Image Fusion via Vision-Language Model

1Xi'an Jiaotong University 2ETH Zürich 3Northwestern Polytechnical University
4Shanghai Jiao Tong University 5Heriot-Watt University 6KU Leuven 7INSAIT
ICML 2024

Figure 1: Workflow for our Fusion via vIsion-Language Model (FILM). Input images are first processed to create prompts for ChatGPT, which then generate detailed textual descriptions.
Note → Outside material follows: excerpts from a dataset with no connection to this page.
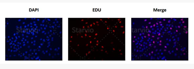 圖1. 使用Starvio EdU細胞增殖檢測試劑盒檢測Hela細胞增殖情況。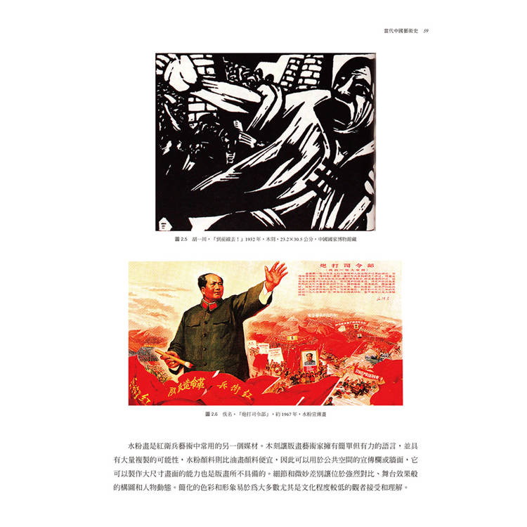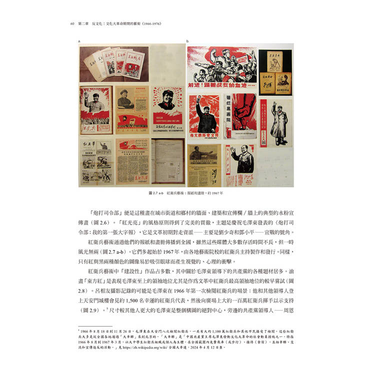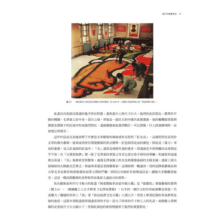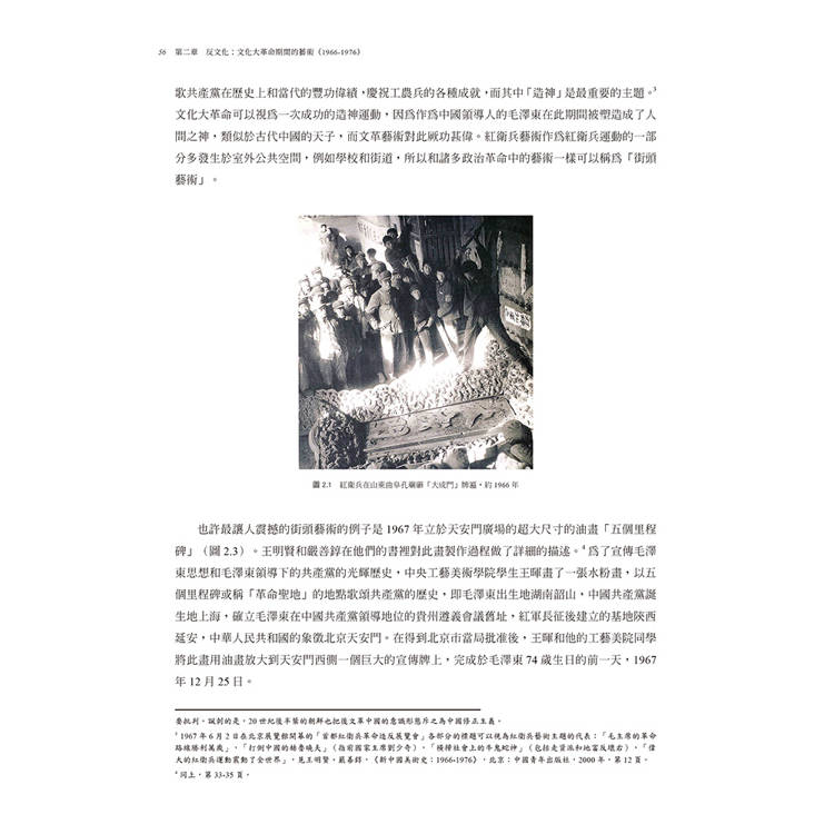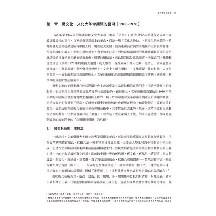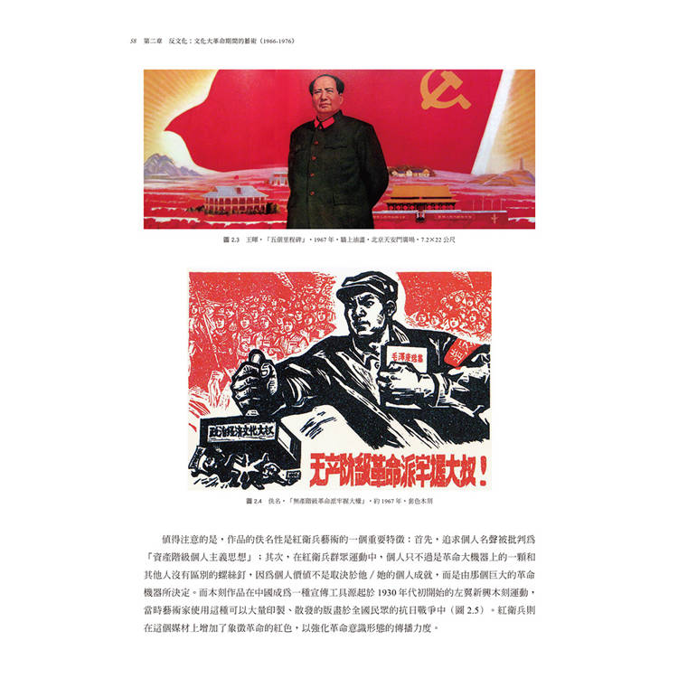 第二章討論文革時期的藝術。這個時期將中國版的社會主義現實主義推到了極端的紅衛兵藝術和精緻化的、政治的廟堂藝術,同時也有不同於這種主流藝術的另類藝術在此動蕩時期的堅持。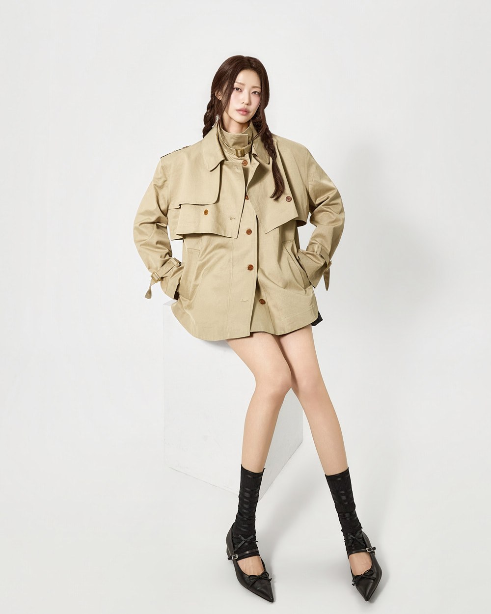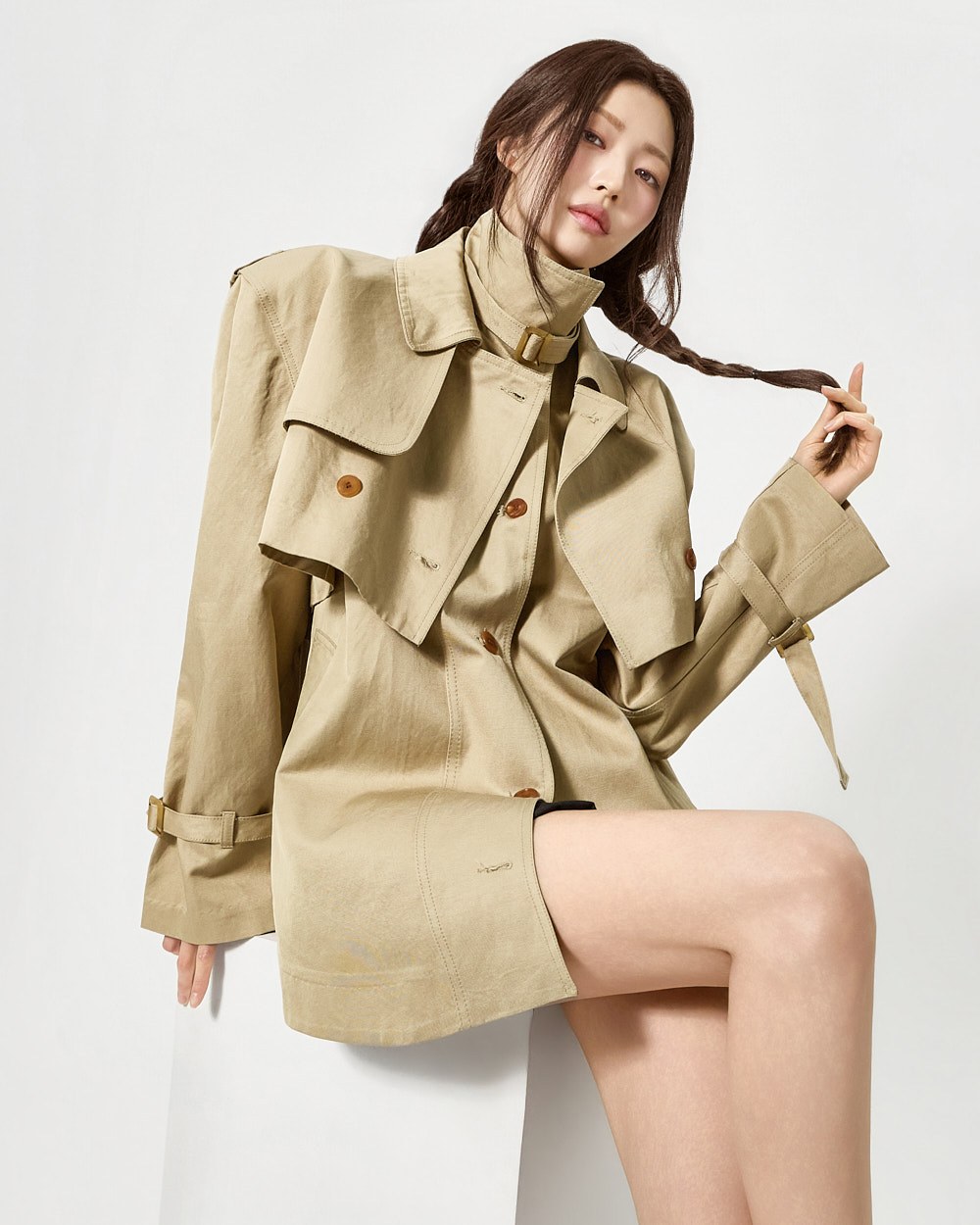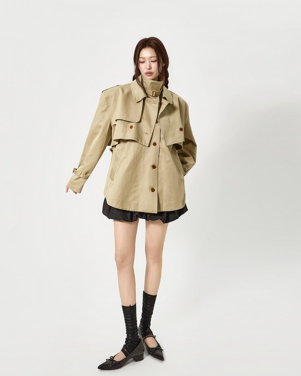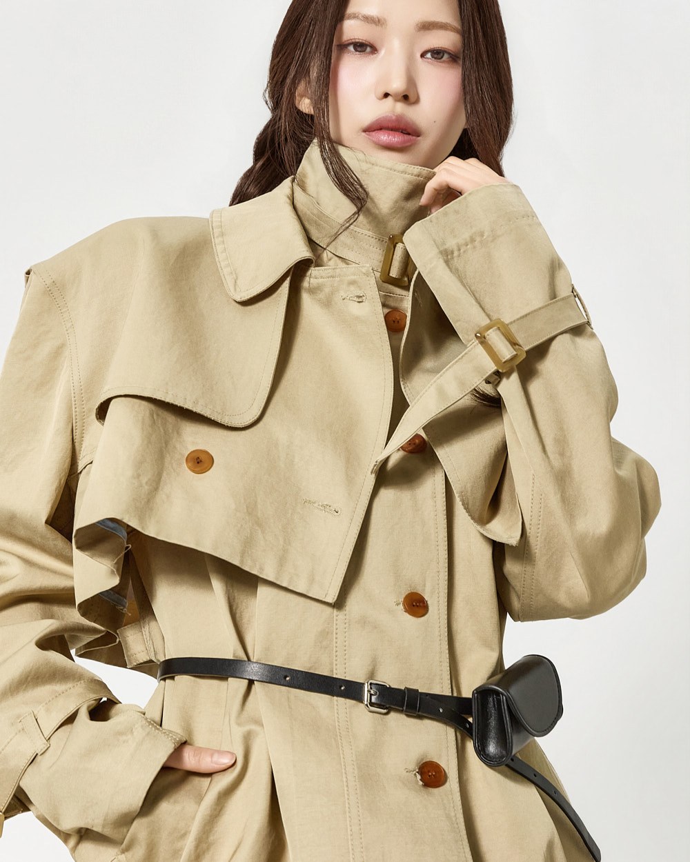 숏 트렌치와 반팔 트렌치 코트가 레이어드된 구성으로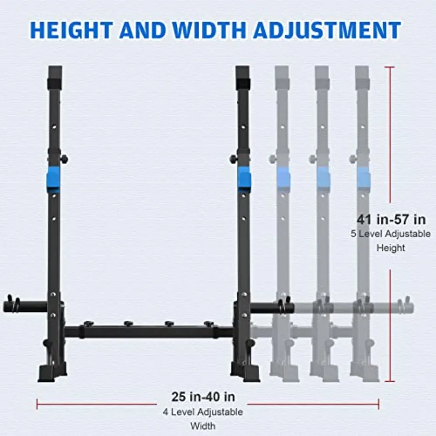 GREAT ADDITION TO THE HOME GYM — As a adjustable squat rack, it can collocate with other fitness equipment such as weight benches, barbells perfectly.The perfect addition to your home gym,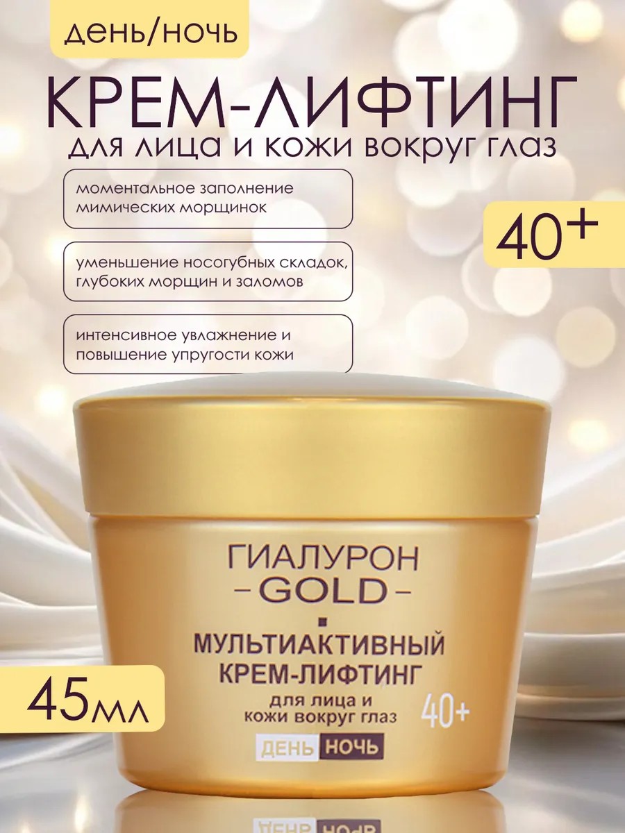 Сверхсовременная богатая формула обеспечивает коже полноценный всесторонний уход 24 часа: глубокое увлажнение, питание и восстановление, замедление возрастных изменений в разных слоях эпидермиса, а также мощный и продолжительный эффект подтяжки, сравнимый с эффектом лифтинга золотыми нитями.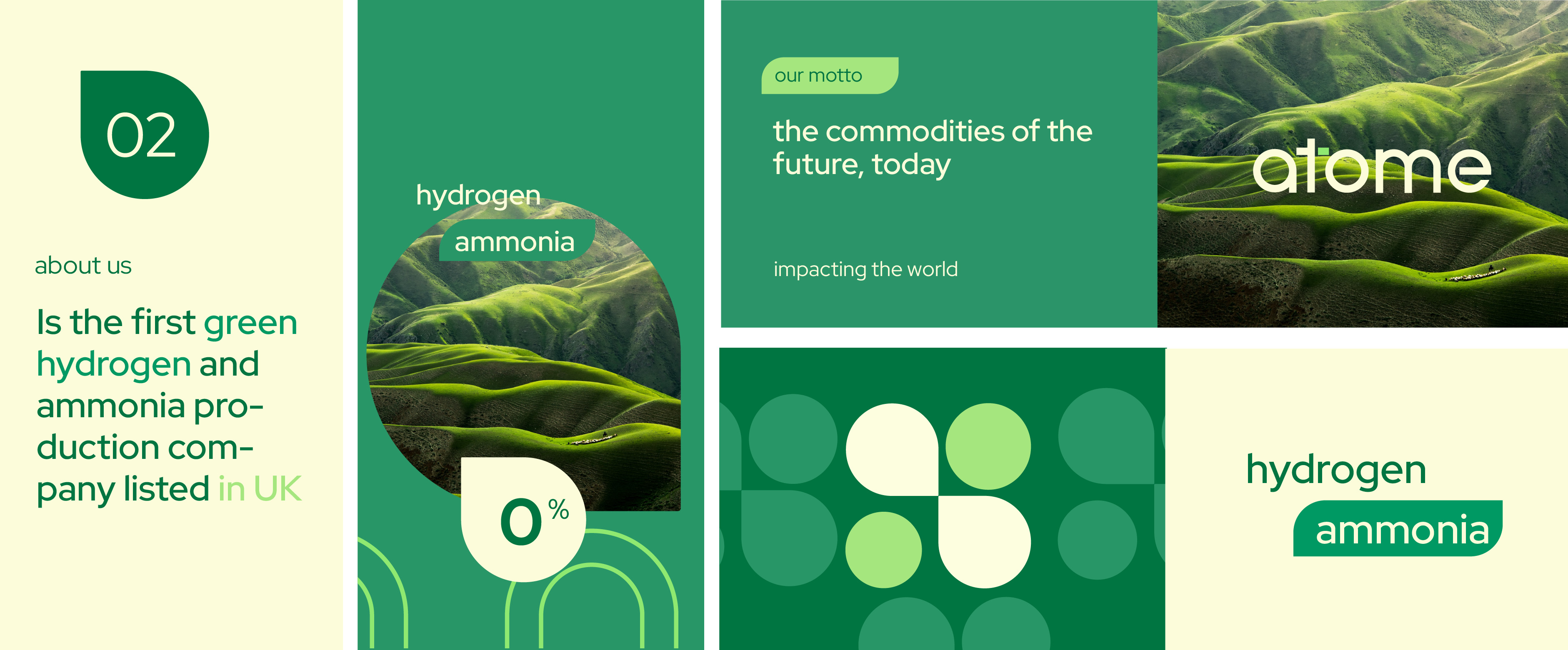 总之,Atome Energy PLC的品牌重塑成功地抓住了他们使命和愿景的本质,反映了他们作为绿色氢和氨生产领导者的地位。凭借其新的视觉识别,Atome Energy PLC准备应对未来的挑战,并继续为全球可持续增长和实现净零排放目标做出贡献。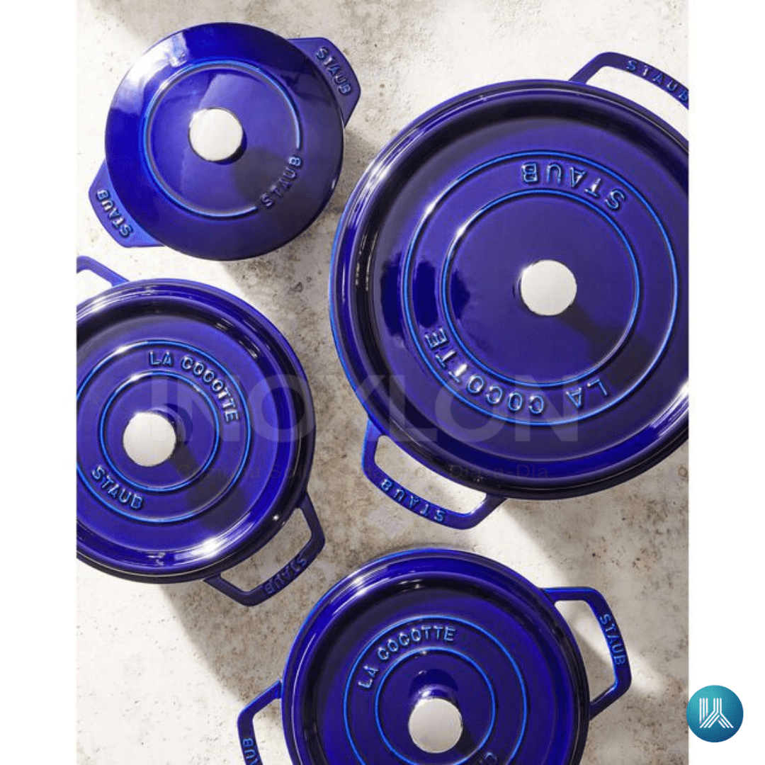 A Caçarola Redonda STAUB de 22 cm na cor Azul Marinho é a peça que define o luxo e a excelência no cozimento lento premium. Feita na França, esta cocotte é a escolha dos melhores chefs do mundo, e seu requintado acabamento a torna um investimento duradouro em legado de excelência para sua cozinha de alto padrão.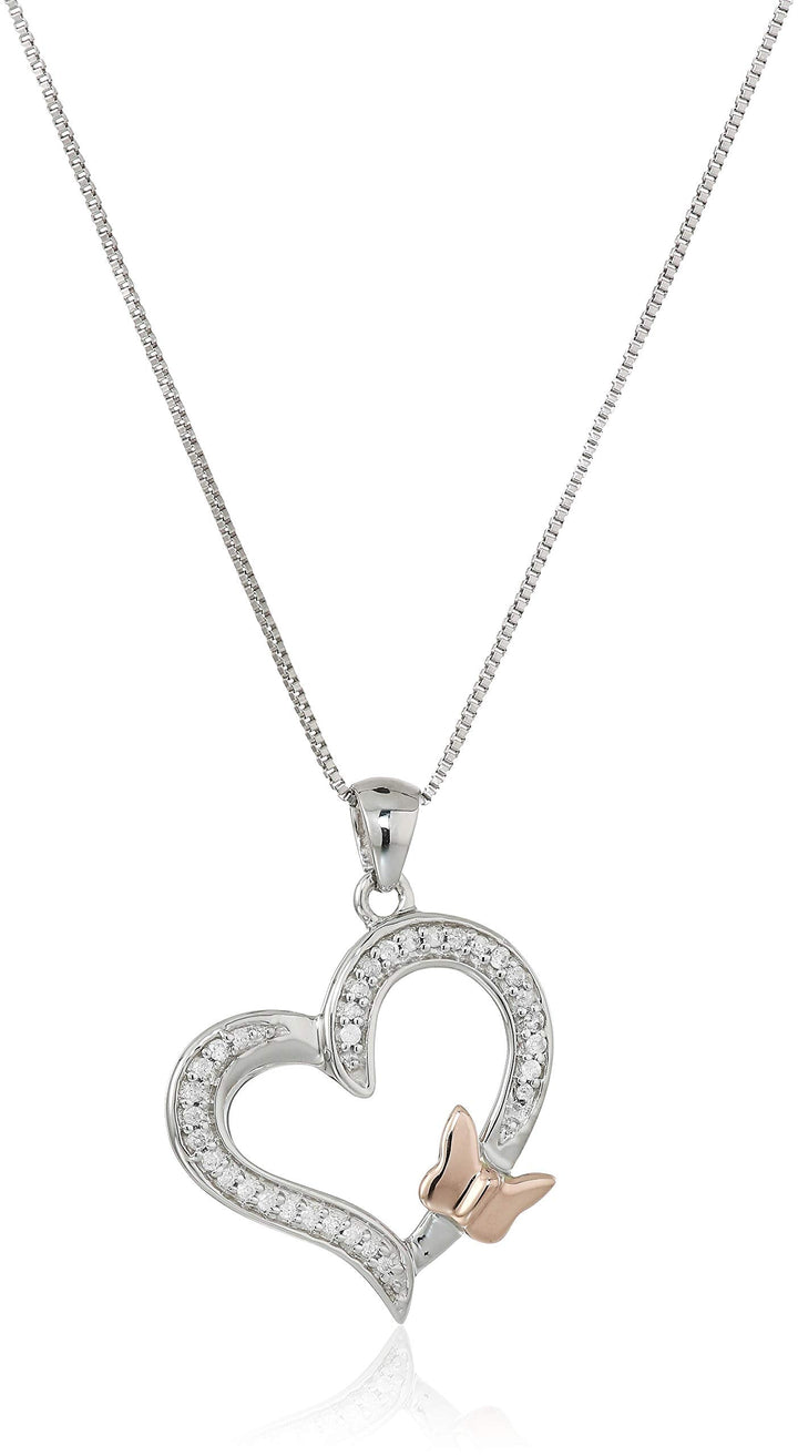 This 1/10 cttw Diamond Butterfly and Heart Pendant in 14K White and Rose Gold with Chain by Vir Jewels is a charming and playful piece. The 32 sparkling diamonds are prong-set in a delicate design, creating a butterfly and heart motif in 14K white and rose gold. With a pendant width and length of 17mm, it’s a lovely and romantic accessory.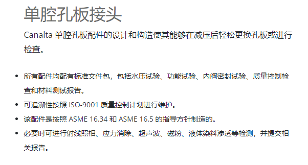 Canalta 單腔孔板接頭系列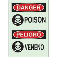 Brady BradyGlo Bilingual DANGER Poison Sign/ Buy onlineOverview B-324 BradyGlo™ material is a glow-in-the-dark (photoluminescent) pressure sensitive polyester. B-324 is ideal for exit and directional signs, identification of fire alarms and extinguishers Photoluminescent material charges...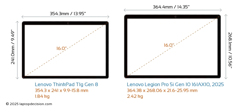 USBBoth ThinkPad T1g Gen 8 and Legion Pro 5i Gen 10 16IAX10, 2025 have USB-A ports. ThinkPad T1g Gen 8 has 1x USB 3.2 USB-A ports, while Legion Pro 5i Gen 10 16IAX10, 2025 has 3x USB 3.2 USB-A ports.Both ThinkPad T1g Gen 8 and Legion Pro 5i Gen 10 16IAX10, 2025 have USB Type-C ports. ThinkPad T1g Gen 8 has 3x USB 4.0 USB Type-C ports, while Legion Pro 5i Gen 10 16IAX10, 2025 has 2x USB 4.0 USB Type-C ports.
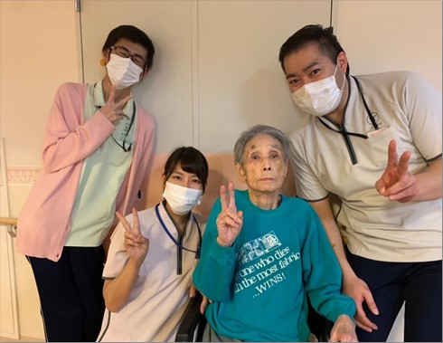 ハッピバースデー♪の掛け声で職員と一緒にパシャリ!

These descriptions help to get fused textual features via the frozen BLIP2 model. Then, these textual features are fused and guide the extraction and fusion of visual features via cross-attention, enhancing contextual understanding with text-based semantic information. Finally, the fusion image is output by the image decoder.

Abstract

Image fusion integrates essential information from multiple images into a single composite, enhancing structures, textures, and refining imperfections. Existing methods predominantly focus on pixel-level and semantic visual features for recognition, but often overlook the deeper text-level semantic information beyond vision. Therefore, we introduce a novel fusion paradigm named image Fusion via vIsion-Language Model (FILM), for the first time, utilizing explicit textual information from source images to guide the fusion process. Specifically, FILM generates semantic prompts from images and inputs them into ChatGPT for comprehensive textual descriptions. These descriptions are fused within the textual domain and guide the visual information fusion, enhancing feature extraction and contextual understanding, directed by textual semantic information via cross-attention. FILM has shown promising results in four image fusion tasks: infrared-visible, medical, multi-exposure, and multi-focus image fusion. We also propose a vision-language dataset containing ChatGPT-generated paragraph descriptions for the eight image fusion datasets across four fusion tasks, facilitating future research in vision-language model-based image fusion.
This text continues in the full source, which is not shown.